I just wanted to weigh in on your situation.

You can click on my name to read some of my story.

I think it's good that you are going to see somebody together. I would say that you will probably get a better idea of his real intentions after these meetings.

If it becomes clear to you that he intends to leave, I would get separated from him as soon as possible. It is very difficult to even think of beginning to heal and move on if you are still seeing each other every day.

I had the physical separation forced on me abruptly, and at the time it was VERY painful, but in hindsight (nearly 9 months later) it was beneficial. It's like ripping a band-aid off quickly versus slowly peeling it off.

I truly am sorry for your situation. All I can say is hang in there, stay busy, pray, cry, spend time with people you love, look into new hobbies, read at pubs and coffee shops, and don't give up on yourself. 

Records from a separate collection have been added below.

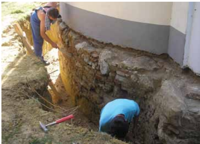
Odkopavanje višestoljetnih temelja crkve sv. Barbare radi izrade drenaže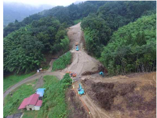
② 道路土工(切土)施工中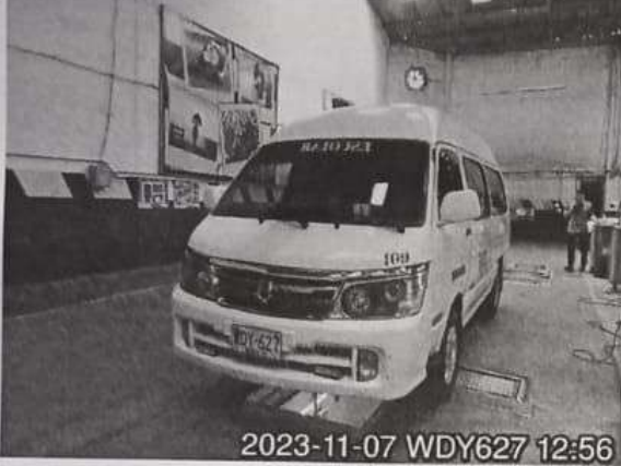
2023-11-07 WDY627 12:56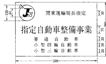
第五号様式（指定自動車整備事業者の標識）（第十五条関係）（昭38運令第3・昭42運令の一部改正、昭44運令第7・自第2号様式採下、昭46運令第33・昭53運令7の一部改正、昭58運令8・同第2号様式採下、昭59運令10の一部改正、平7運令8・同第7号様式採下、一部改正）

備考 (1) 指定自動車整備事業者の標識は、図示の例により、上段に標識及び指定を行った地方運輸局長名を、中段に「指定自動車整備事業」の文字を、下段に対象とする自動車の種類をそれぞれ表示すること。この場合において、対象とする自動車の種類は、次の区分により表示すること。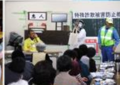
特殊詐欺被害防止教室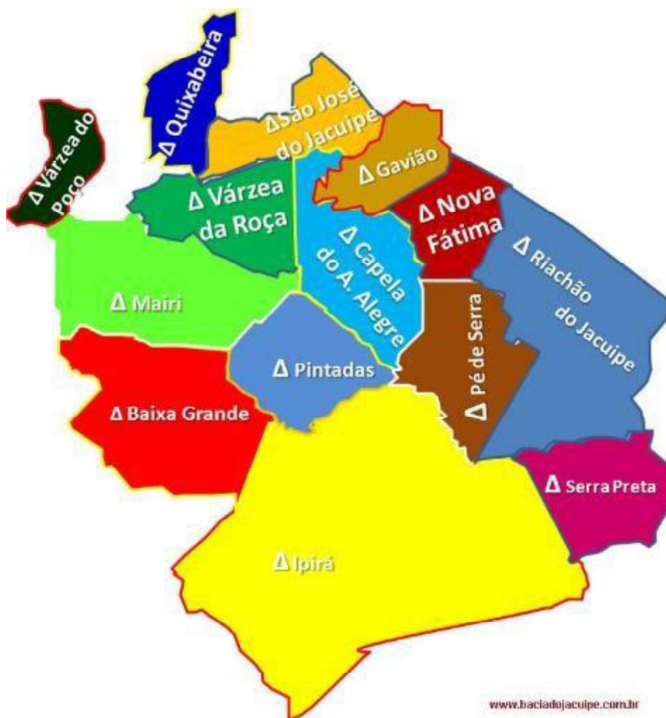
Figura 1 – Bacia do Jacuípe

Fonte: Território Bacia do Jacuípe, 2018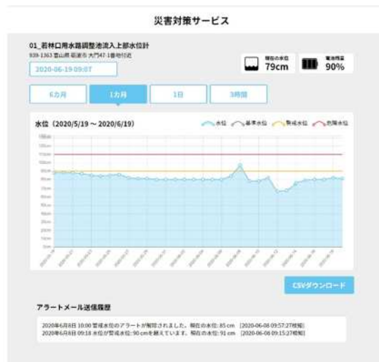
各観測拠点の水位状態をグラフで表示 (3時間、1日、1か月、6か月)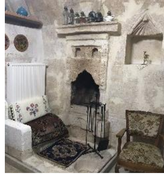
Fot. 11. Mekânsal konfora yönelik bir eklemleme-kalorifer (URL 1)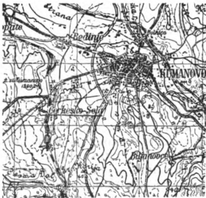
Сл. 1 — Данашње Черкеско Село крај Куманова

Након Другог светског рата настале су нове измене у Черкеском Селу: од 1956. до 1960. иселила су се у Турску поменута черкеска домаћинства, док су српска домаћинства прешла у Куманово. На места ових исељеника дошли су нови бројни албански становници. Насељавање Албанаца не престаје и сада. Године 1964. у Черкеском Селу саграђена је велика џамија, док је на том месту била мања черкеска џамија срушена у рату 1912. године. Крај те џамије Черкези су имали дућан и ковачницу.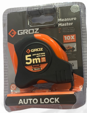
CINTA MÉTRICA DE 5MTS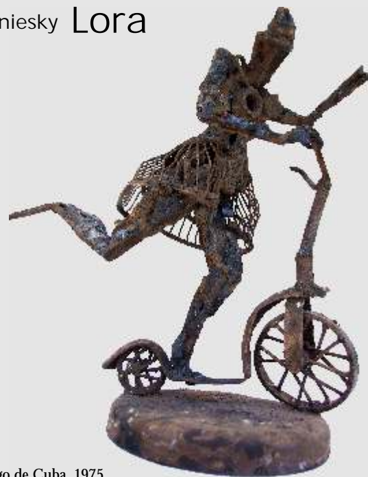
Santiago de Cuba, 1975 Escultor

Estudios realizados 1992 Academia Provincial de Arte José Joaquín Tejada, Santiago de Cuba. 1996 Instituto Superior Pedagógico Frank País García, Santiago de Cuba.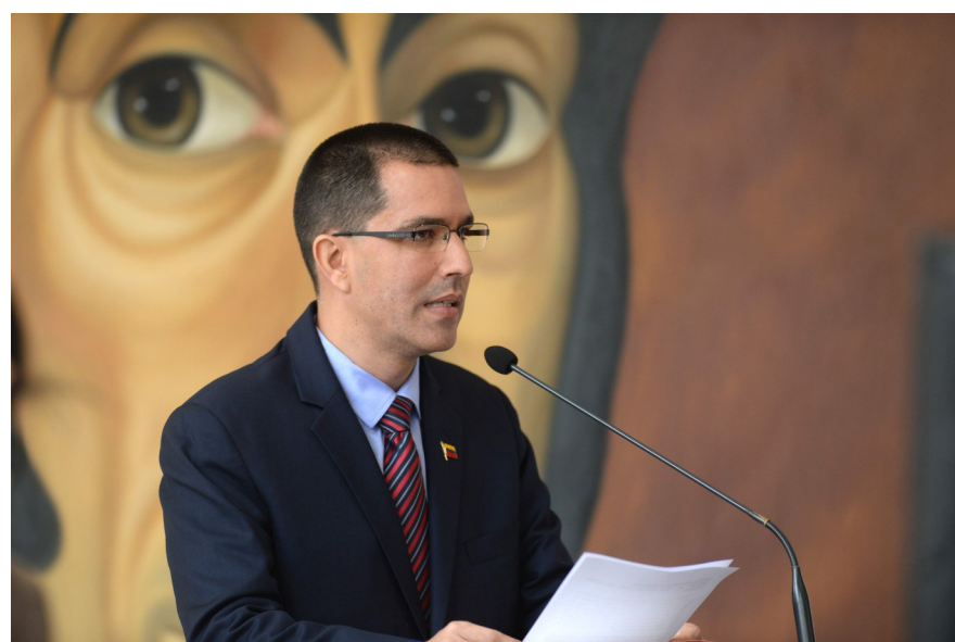
8月12日，在委内瑞拉首都加拉加斯，委内瑞拉外交部长阿雷亚萨在与全体驻委外交使团的会议上讲话。

墨西哥外交部发布公告说，墨西哥重申美洲17国外长会议声明内容，谴责委内瑞拉当局“破坏”民主秩序，不承认制宪大会合法性，同时反对使用武力解决委内瑞拉国内问题。墨西哥将使用一切可能的外交手段，通过和平协商方式，“修复”委内瑞拉民主。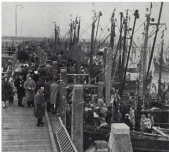
Aankomst veerse vissers in de nieuwe thuishaven Colijnsplaat 1961.

Bent u zelf nog in het bezit van historisch materiaal over de Vissershaven van Colijnsplaat of wellicht ander historisch materiaal over ons dorp? Stel dit dan a.u.b. ter beschikking aan deze stichting, bijvoorbeeld door het materiaal te doneren of door het in te laten scannen! Kijk voor de Contactgegevens .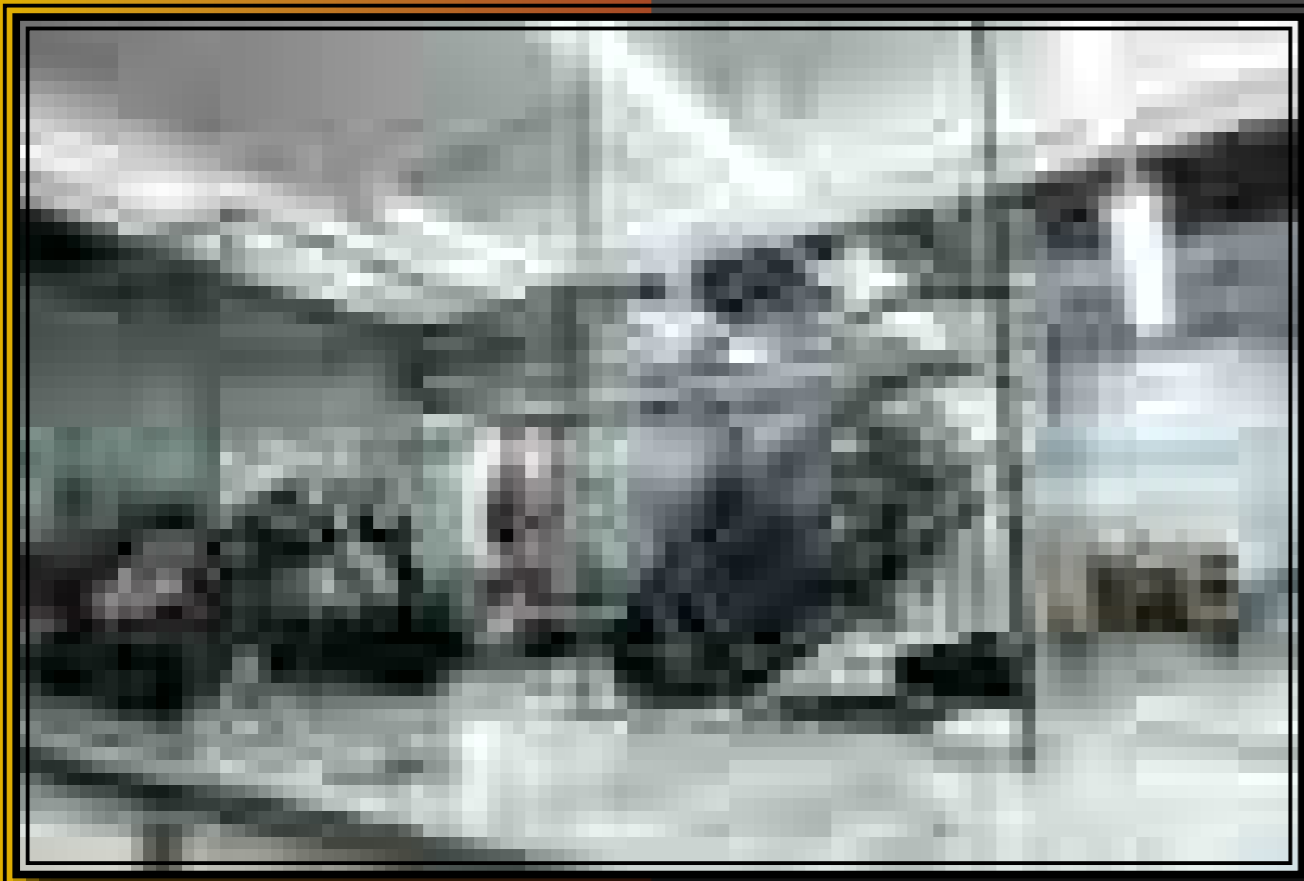
A veretes fanyereg és a készenléti íjtartó tegez vitrinjei

laloínak a világát. Nem megingathatatlanak mondott tételeket akartunk a látogató fejébe döngölni, hanem egy irányított párbeszédre invitáltuk.

It's a roller-coaster ride, but I can say that 9 months into this I have made enormous progress over where I was at the beginning. Now there are more good days than bad. God bless you.


----------



## Marigold (Oct 29, 2010)

Shelly, my situation is quite similar in that my husband of 5 years says he wants a separation to give himself 'space' and time to clear his head and think on his own. For the first week after he said that, even though we had problems in the relationship i was so stunned and shocked, we were both in the same house and I tried to persuade him to change his mind and stay and do marriage counseling. He said he wouldn't change his mind and was actively looking for a flat to rent...it was emotionally too much for me, I was in tears all the time and couldn't deal with it....eventually for my sanity I went to stay with relatives which is where I am now. He is still in the house and searching for his own place to rent. Unfortunately, his family are all in another country so he can't crash there. I can't imagine how you are feeling being in the same house as him and watching him just carry on.....I think you should tell him it's not fair on you and he needs to move asap, it must be torture for you to have to see him all the time. Keep strong, just tell him you can't cope being around him all the time, if he doesn't listen, could you go to stay at a friend or relative for a while, just to get out of the situation for your sanity?


----------